## Task objective
Repeat the listing that follows character for character, omitting images.

## Data in this exercise

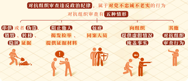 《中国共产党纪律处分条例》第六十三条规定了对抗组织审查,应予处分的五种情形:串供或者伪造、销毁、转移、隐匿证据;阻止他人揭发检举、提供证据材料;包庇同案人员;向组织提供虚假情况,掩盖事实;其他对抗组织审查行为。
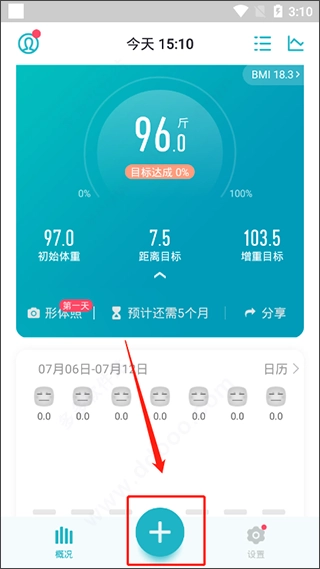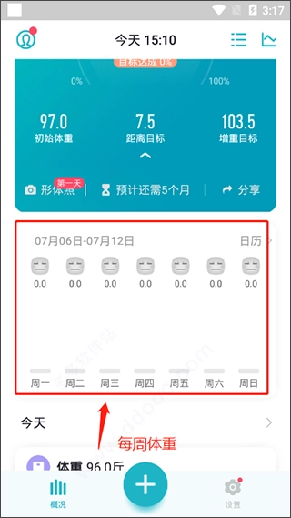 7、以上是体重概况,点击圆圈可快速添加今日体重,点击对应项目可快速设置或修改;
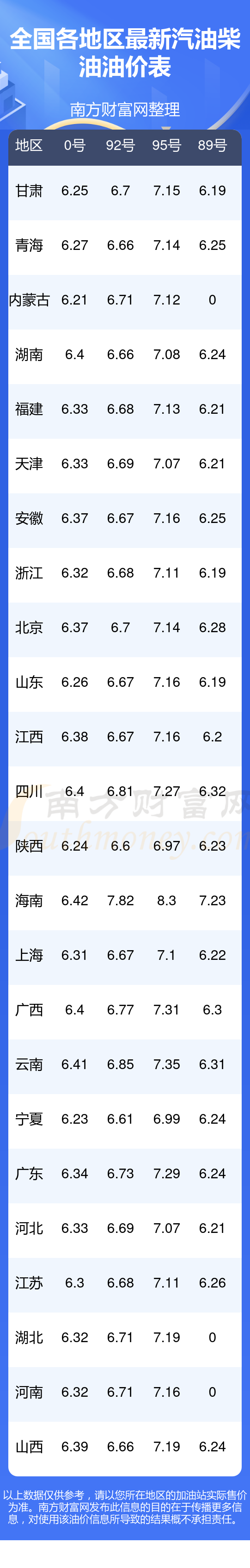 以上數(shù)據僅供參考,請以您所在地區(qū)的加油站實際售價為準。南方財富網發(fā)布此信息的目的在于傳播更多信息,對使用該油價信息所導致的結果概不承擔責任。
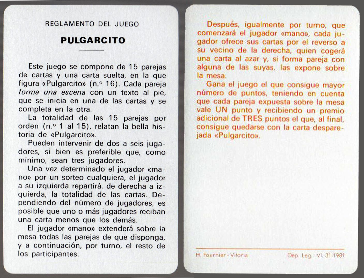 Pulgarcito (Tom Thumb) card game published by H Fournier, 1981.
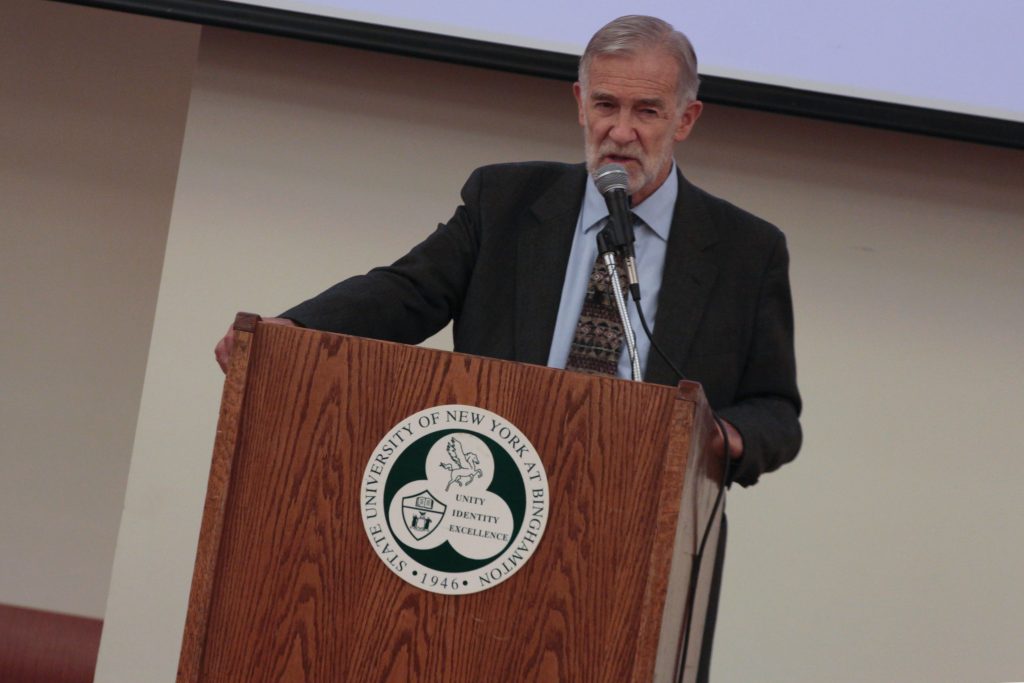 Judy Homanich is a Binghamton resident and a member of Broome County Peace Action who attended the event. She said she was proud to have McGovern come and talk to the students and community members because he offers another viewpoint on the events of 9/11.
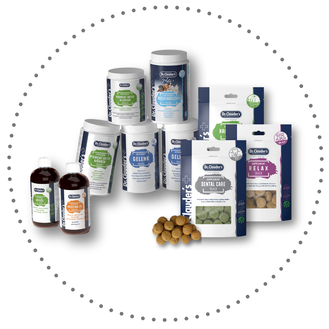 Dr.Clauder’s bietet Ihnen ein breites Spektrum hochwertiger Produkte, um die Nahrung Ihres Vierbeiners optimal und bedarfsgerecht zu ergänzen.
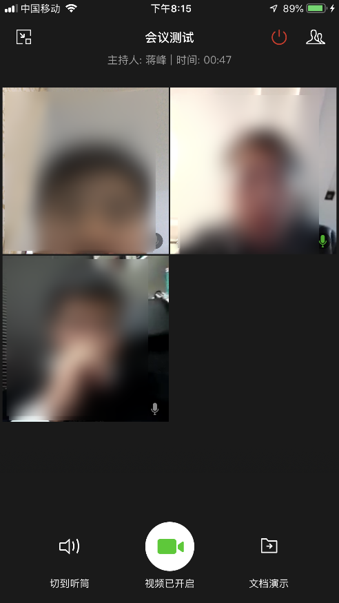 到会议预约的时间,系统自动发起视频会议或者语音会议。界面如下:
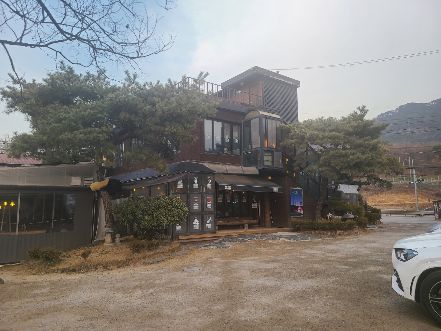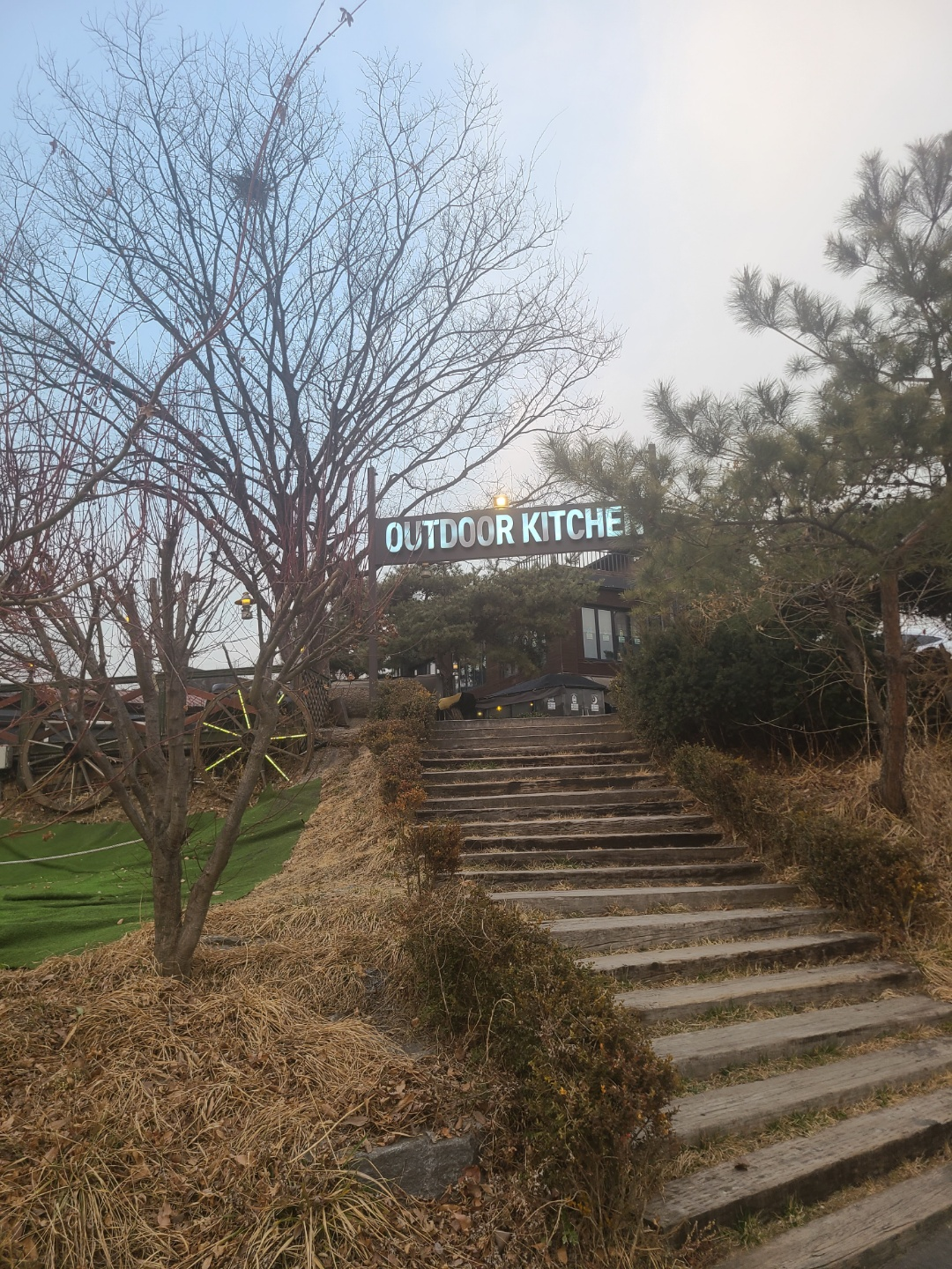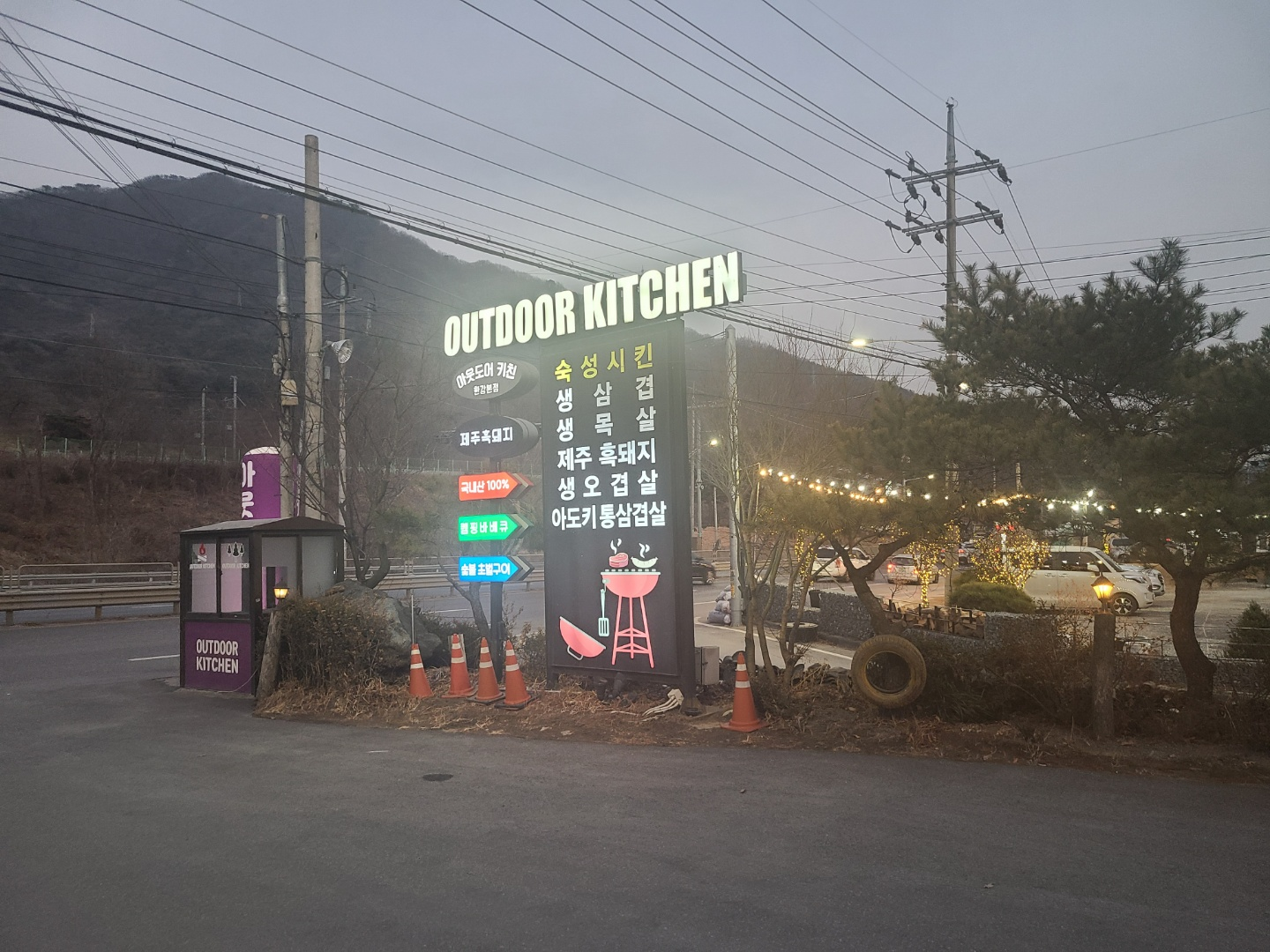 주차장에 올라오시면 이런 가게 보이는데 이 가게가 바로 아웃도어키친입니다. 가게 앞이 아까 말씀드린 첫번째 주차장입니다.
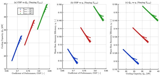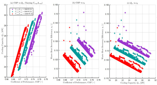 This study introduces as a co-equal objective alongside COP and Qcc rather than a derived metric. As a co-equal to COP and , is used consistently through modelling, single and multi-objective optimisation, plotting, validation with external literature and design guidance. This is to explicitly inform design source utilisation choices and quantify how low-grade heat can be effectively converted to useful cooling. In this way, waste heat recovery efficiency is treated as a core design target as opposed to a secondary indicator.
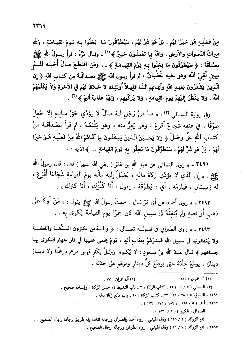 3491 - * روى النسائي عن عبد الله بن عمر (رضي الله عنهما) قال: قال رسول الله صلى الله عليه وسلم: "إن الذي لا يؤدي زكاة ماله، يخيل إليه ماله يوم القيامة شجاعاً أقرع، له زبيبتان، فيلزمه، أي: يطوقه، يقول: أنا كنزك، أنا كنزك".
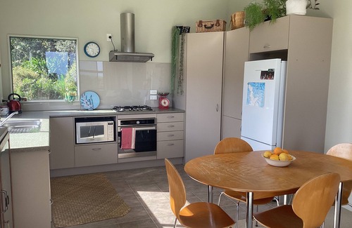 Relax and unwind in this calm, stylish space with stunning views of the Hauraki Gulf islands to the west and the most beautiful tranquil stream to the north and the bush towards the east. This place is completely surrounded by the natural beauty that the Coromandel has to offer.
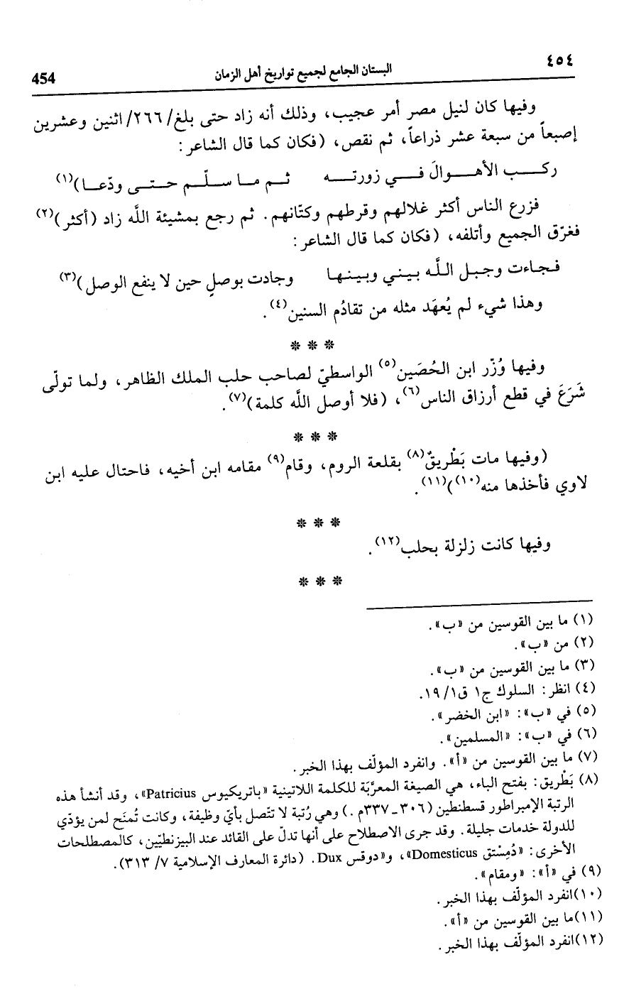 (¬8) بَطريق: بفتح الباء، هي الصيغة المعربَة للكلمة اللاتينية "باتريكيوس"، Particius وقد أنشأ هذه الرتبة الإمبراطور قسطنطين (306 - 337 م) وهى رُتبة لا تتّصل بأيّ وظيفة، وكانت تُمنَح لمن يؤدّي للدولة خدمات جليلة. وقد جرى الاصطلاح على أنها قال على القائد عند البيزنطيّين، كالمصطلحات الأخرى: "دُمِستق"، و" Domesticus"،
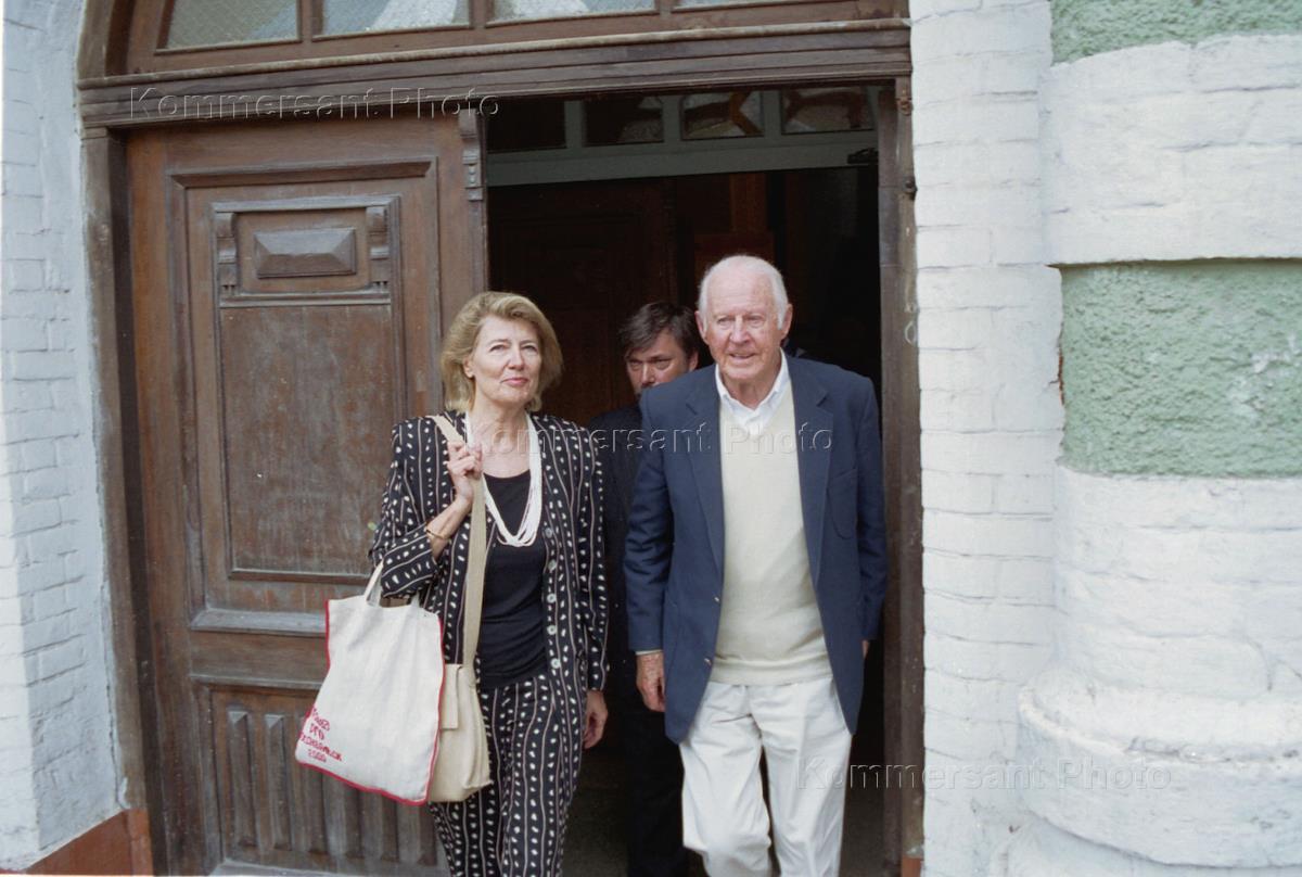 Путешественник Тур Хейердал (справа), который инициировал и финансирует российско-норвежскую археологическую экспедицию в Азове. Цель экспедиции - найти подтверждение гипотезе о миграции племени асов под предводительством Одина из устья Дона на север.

## Solution to this problem
 《中国共产党纪律处分条例》第六十三条规定了对抗组织审查,应予处分的五种情形:串供或者伪造、销毁、转移、隐匿证据;阻止他人揭发检举、提供证据材料;包庇同案人员;向组织提供虚假情况,掩盖事实;其他对抗组织审查行为。
 7、以上是体重概况,点击圆圈可快速添加今日体重,点击对应项目可快速设置或修改;
 以上數(shù)據僅供參考,請以您所在地區(qū)的加油站實際售價為準。南方財富網發(fā)布此信息的目的在于傳播更多信息,對使用該油價信息所導致的結果概不承擔責任。
 Pulgarcito (Tom Thumb) card game published by H Fournier, 1981.
 Judy Homanich is a Binghamton resident and a member of Broome County Peace Action who attended the event. She said she was proud to have McGovern come and talk to the students and community members because he offers another viewpoint on the events of 9/11.
 Dr.Clauder’s bietet Ihnen ein breites Spektrum hochwertiger Produkte, um die Nahrung Ihres Vierbeiners optimal und bedarfsgerecht zu ergänzen.
 到会议预约的时间,系统自动发起视频会议或者语音会议。界面如下:
 주차장에 올라오시면 이런 가게 보이는데 이 가게가 바로 아웃도어키친입니다. 가게 앞이 아까 말씀드린 첫번째 주차장입니다.
 This study introduces as a co-equal objective alongside COP and Qcc rather than a derived metric. As a co-equal to COP and , is used consistently through modelling, single and multi-objective optimisation, plotting, validation with external literature and design guidance. This is to explicitly inform design source utilisation choices and quantify how low-grade heat can be effectively converted to useful cooling. In this way, waste heat recovery efficiency is treated as a core design target as opposed to a secondary indicator.
 3491 - * روى النسائي عن عبد الله بن عمر (رضي الله عنهما) قال: قال رسول الله صلى الله عليه وسلم: "إن الذي لا يؤدي زكاة ماله، يخيل إليه ماله يوم القيامة شجاعاً أقرع، له زبيبتان، فيلزمه، أي: يطوقه، يقول: أنا كنزك، أنا كنزك".
 Relax and unwind in this calm, stylish space with stunning views of the Hauraki Gulf islands to the west and the most beautiful tranquil stream to the north and the bush towards the east. This place is completely surrounded by the natural beauty that the Coromandel has to offer.
 (¬8) بَطريق: بفتح الباء، هي الصيغة المعربَة للكلمة اللاتينية "باتريكيوس"، Particius وقد أنشأ هذه الرتبة الإمبراطور قسطنطين (306 - 337 م) وهى رُتبة لا تتّصل بأيّ وظيفة، وكانت تُمنَح لمن يؤدّي للدولة خدمات جليلة. وقد جرى الاصطلاح على أنها قال على القائد عند البيزنطيّين، كالمصطلحات الأخرى: "دُمِستق"، و" Domesticus"،
 Путешественник Тур Хейердал (справа), который инициировал и финансирует российско-норвежскую археологическую экспедицию в Азове. Цель экспедиции - найти подтверждение гипотезе о миграции племени асов под предводительством Одина из устья Дона на север.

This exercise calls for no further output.